ASSIGNED TASK |
Look through the entries below for the line with "матовый хром //DENZEL" and the line with "Set of 4 old", then give again exactly those two lines and all lines between them, minus the pictures.

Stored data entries

____

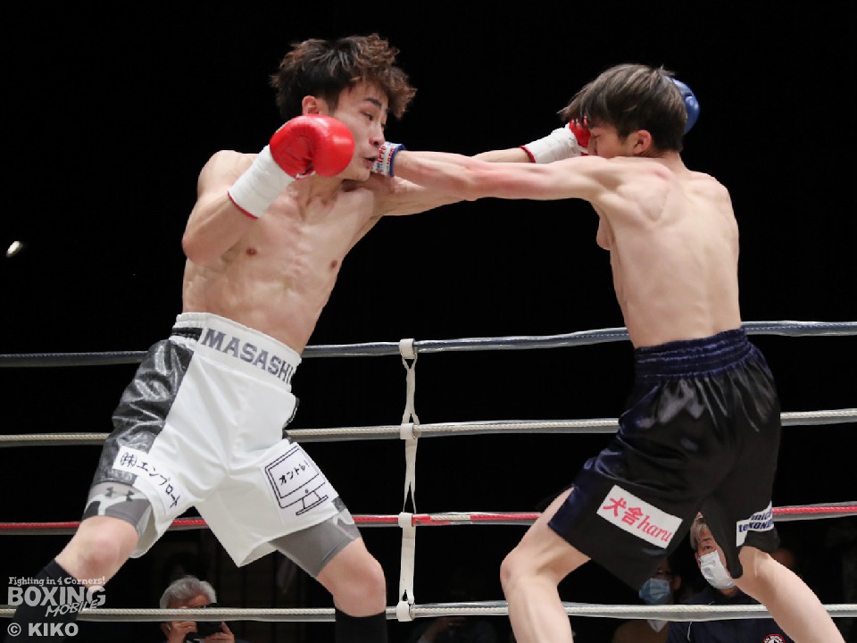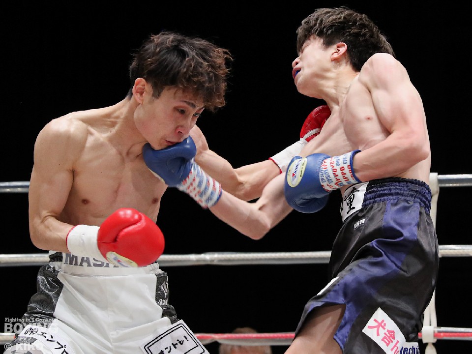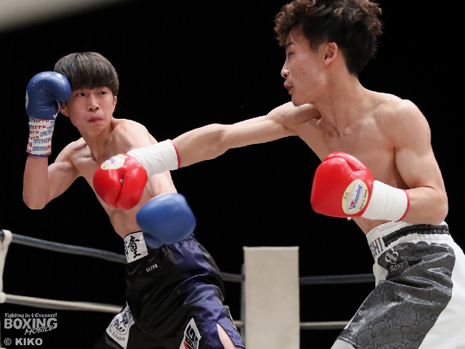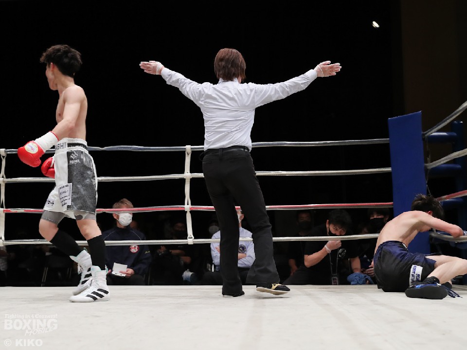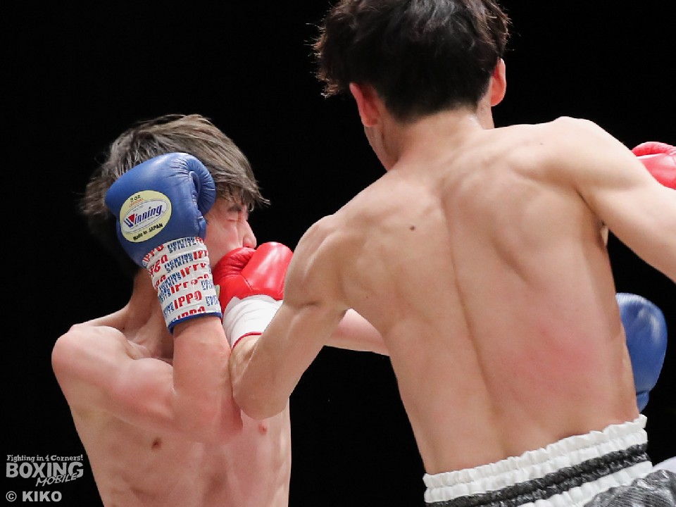 試合:青木はリングを大きく使い、前の手でタイミングを測り、右アッパー、右ストレートと上下に打ち分けテンポ良い攻撃を仕掛ける。対する池田はガードを上げながら、ジリジリと前に出てジャブ、ワンツーと繰り出し、フックで顔を弾き対抗。2回、池田はプレスをかけると、右ストレートでダウンを奪う。立ち上がった青木に猛然とラッシュをかけ、右フックで再度倒すとレフェリーは即座に試合を止めた。
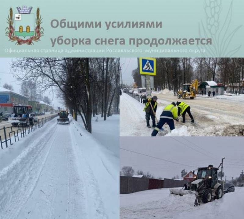 Совместные усилия по борьбе со снегом в Рославле
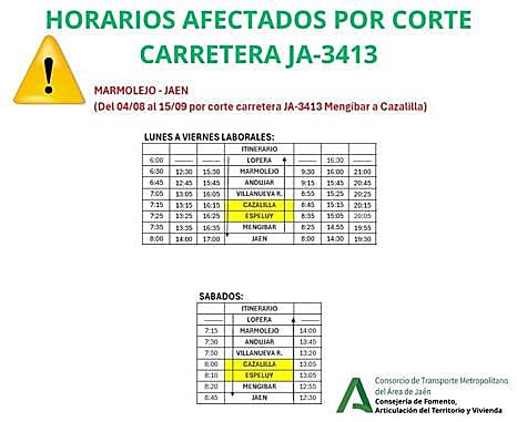 El Consorcio Metropolitano de Transporte ha informado de cambios en la ruta como consecuencia del corte de la carretera JA-3413 entre Mengíbar y Cazalilla, ... en la provincia de Jaén. Los cambios se mantendrán desde este lunes y hasta el 15 de septiembre.
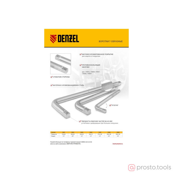 Вороток 1/4" 150х40 мм хромированный Г-образный crv, матовый хром //DENZEL
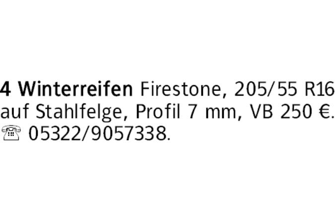 4 Winterreifen Firestone, 205/55 R16 auf Stahlfelge, Profil 7 mm, VB 250 €. 05322/9057338.
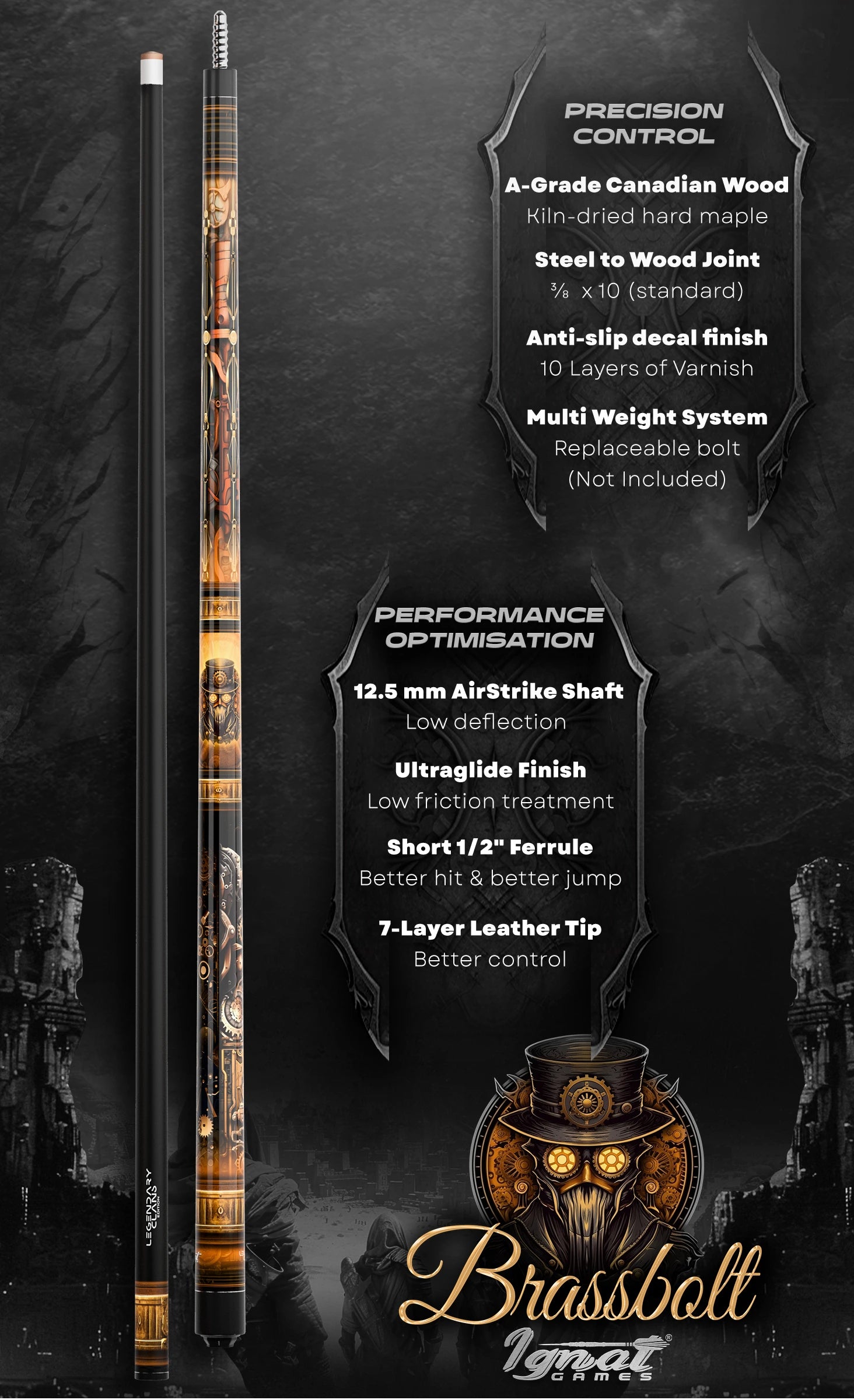 Includes a dual-compartment case with room for shaft, cue, and essential accessories.
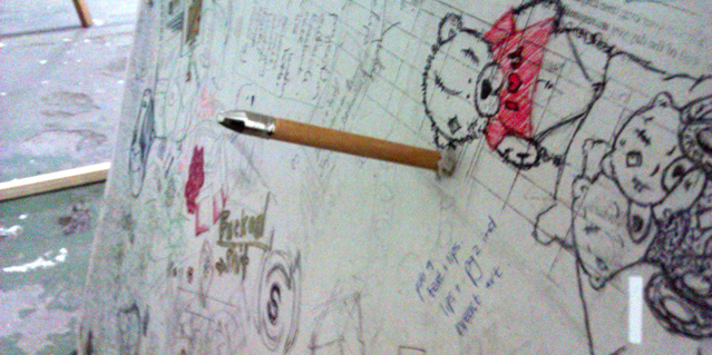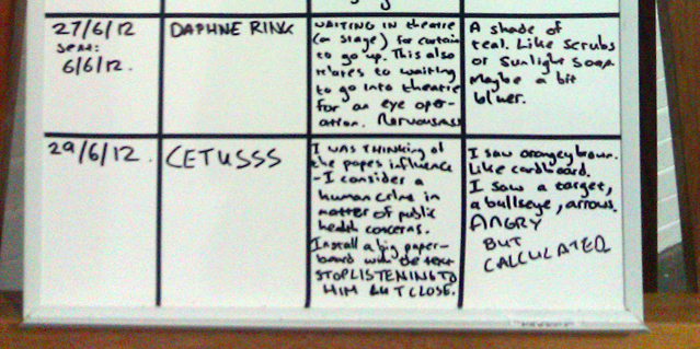 I saw the colour orangey brown sort of like the Mark Rothko (perhaps this could be related to the cardboard? But perhaps I am hoping too much). I saw a target, a circle something with a bullseye, also shooting, arrows. I saw me smashing things inside the space, making a big mess, perhaps with food? It was quite angry but calculated.
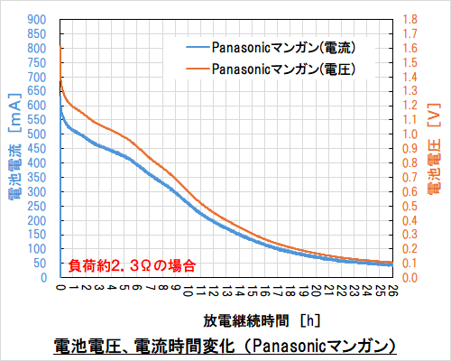 なお、マンガン乾電池は電源オン初期から電池電圧低下は大きくなっています。
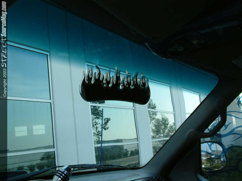 A set of NU-Image platinum gauges would replace the stock set while a Trenz flamed rearview mirror and flamed pedals would also be mounted up. Silver carbon fiber insert material can be found through out, along with the seats, which are found in stock leather but with custom center silver carbon fiber material in the centers. Finishing things off with a nice touch would be a set of Vitek diamond plate floor mats.
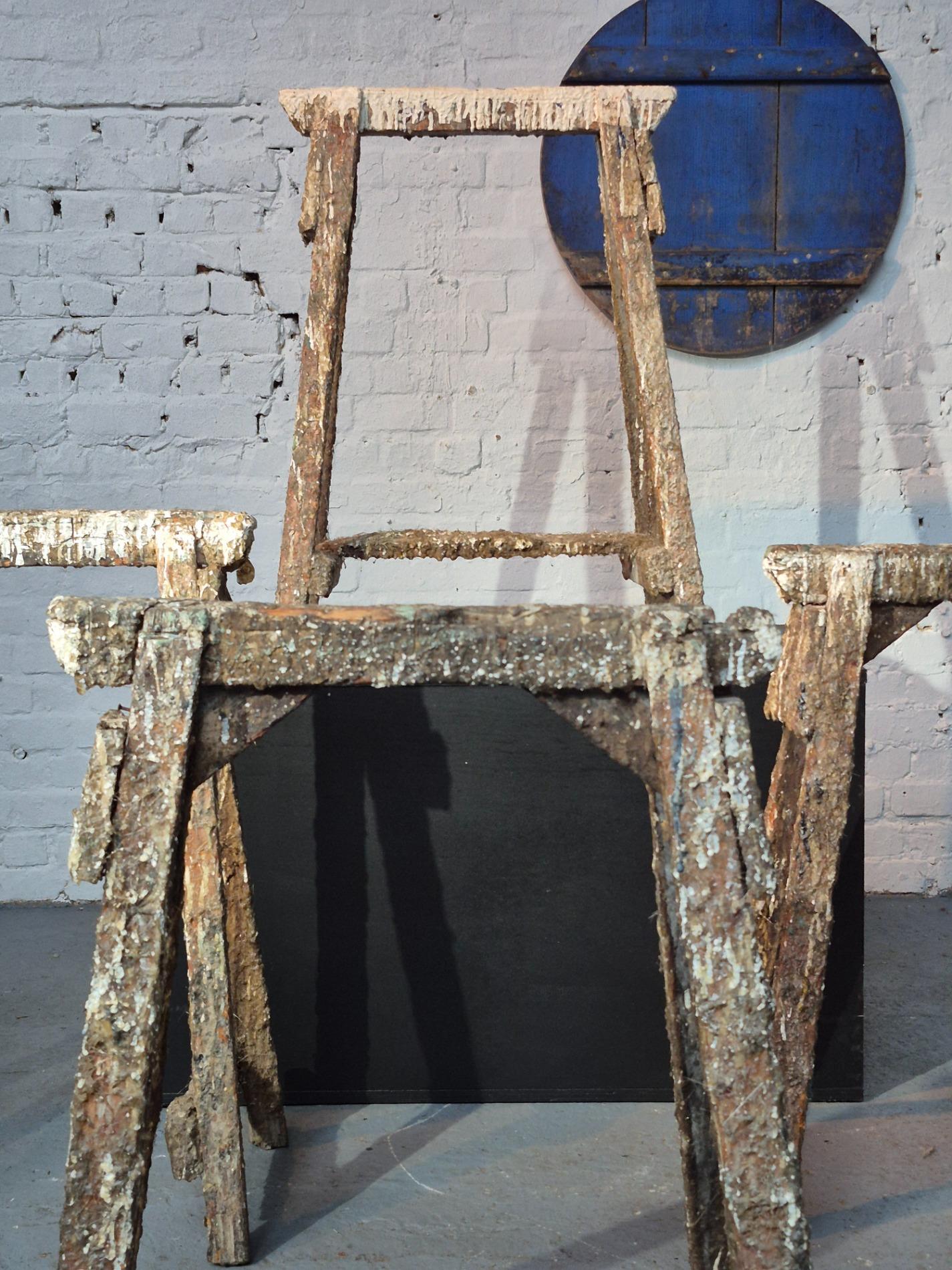 Set of 4 old artist workshop trestles. Made of wood with a thick layer of paint and polyester. Found in an old artist atelier in Belgium. These trestles went pieces of art through time and use.
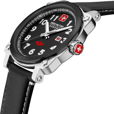 Dit Swiss Military Hanowa horloge heeft een kast gemaakt van Roestvrijstaal met een diameter van 43 mm en is voorzien van een leren band. In de kast bevindt zich een Timex kwaliteitsuurwerk en is afgewerkt met Saffierglas.
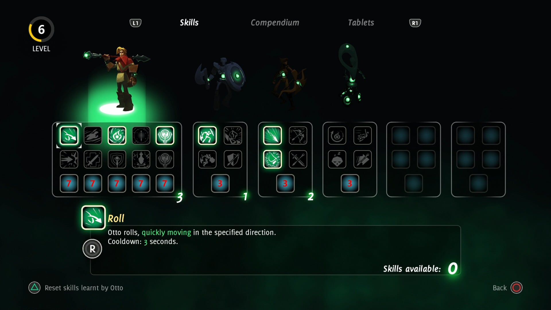 As I mentioned above, Masters of Anima also has some RPG elements within it, the ability to increase your guardians and our protagonist skills in order to make things easier. As above, you can see an image of the skill tree early on in the game, there are five different types of guardian to unlock, each with its own tree with certain skills blocked off until you unlock a certain number of skills above it. You don’t unlock skill points very quickly and when you do you must pick which item you wish to unlock as you don’t get a certain number per thing. So, one skill point will let you unlock one thing in any of the six trees, you don’t get one for Otto, one for the first guardian, one of the second…
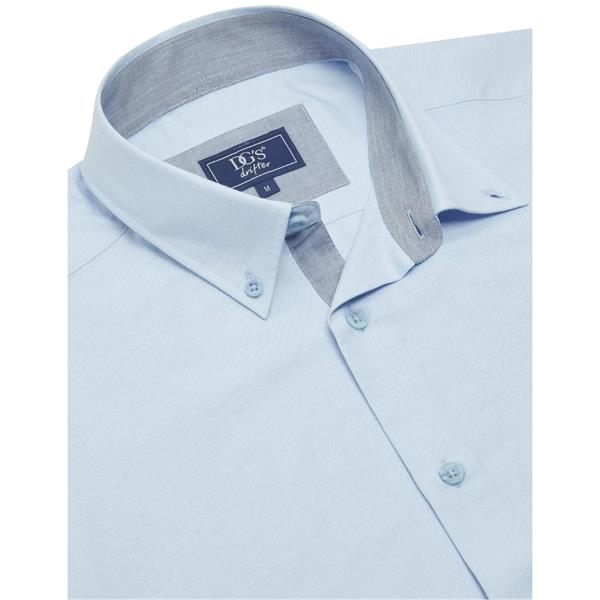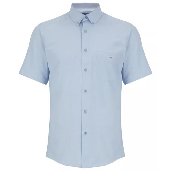 Light blue regular fit cotton-blend short sleeve shirt and ivano collar
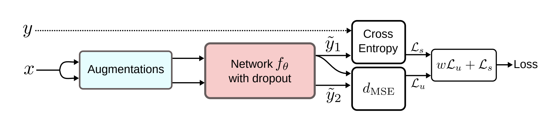 Semi-supervised learning의 목적함수는 supervised loss \( \textit{L}_{s} \) 와 unsupervised loss \( \textit{L}_{u} \) 의 합을 최소화하는 것으로 표현할 수 있다. 그 말인즉슨 supervised, unsupervised를 1-stage로 한큐에 학습한다. 이것이 2-stage로 이루어지는 self-supervised learning, transfer learning 등과의 차이점이다.
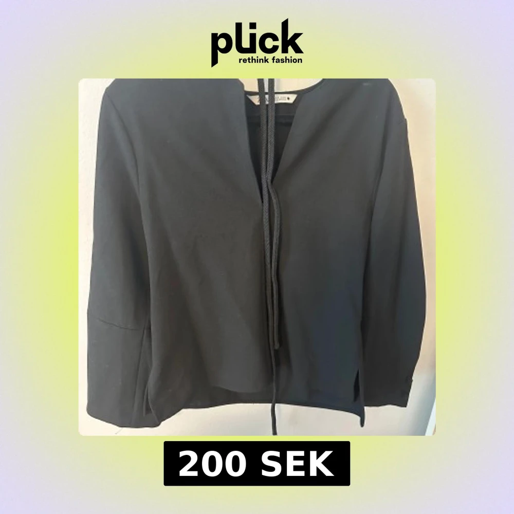 Stilren svart kavaj från Zara med knytband framtill och dekorativa knappar vid ärmslut. Kavajen har lång ärm och slits i sidorna, perfekt för en trendig och enkel look. Man knyter bandet i midjan. Saknar en boll på ena sidan av armen

____

EXPECTED ANSWER |
 Вороток 1/4" 150х40 мм хромированный Г-образный crv, матовый хром //DENZEL
 4 Winterreifen Firestone, 205/55 R16 auf Stahlfelge, Profil 7 mm, VB 250 €. 05322/9057338.
 Includes a dual-compartment case with room for shaft, cue, and essential accessories.
 I saw the colour orangey brown sort of like the Mark Rothko (perhaps this could be related to the cardboard? But perhaps I am hoping too much). I saw a target, a circle something with a bullseye, also shooting, arrows. I saw me smashing things inside the space, making a big mess, perhaps with food? It was quite angry but calculated.
 なお、マンガン乾電池は電源オン初期から電池電圧低下は大きくなっています。
 A set of NU-Image platinum gauges would replace the stock set while a Trenz flamed rearview mirror and flamed pedals would also be mounted up. Silver carbon fiber insert material can be found through out, along with the seats, which are found in stock leather but with custom center silver carbon fiber material in the centers. Finishing things off with a nice touch would be a set of Vitek diamond plate floor mats.
 Set of 4 old artist workshop trestles. Made of wood with a thick layer of paint and polyester. Found in an old artist atelier in Belgium. These trestles went pieces of art through time and use.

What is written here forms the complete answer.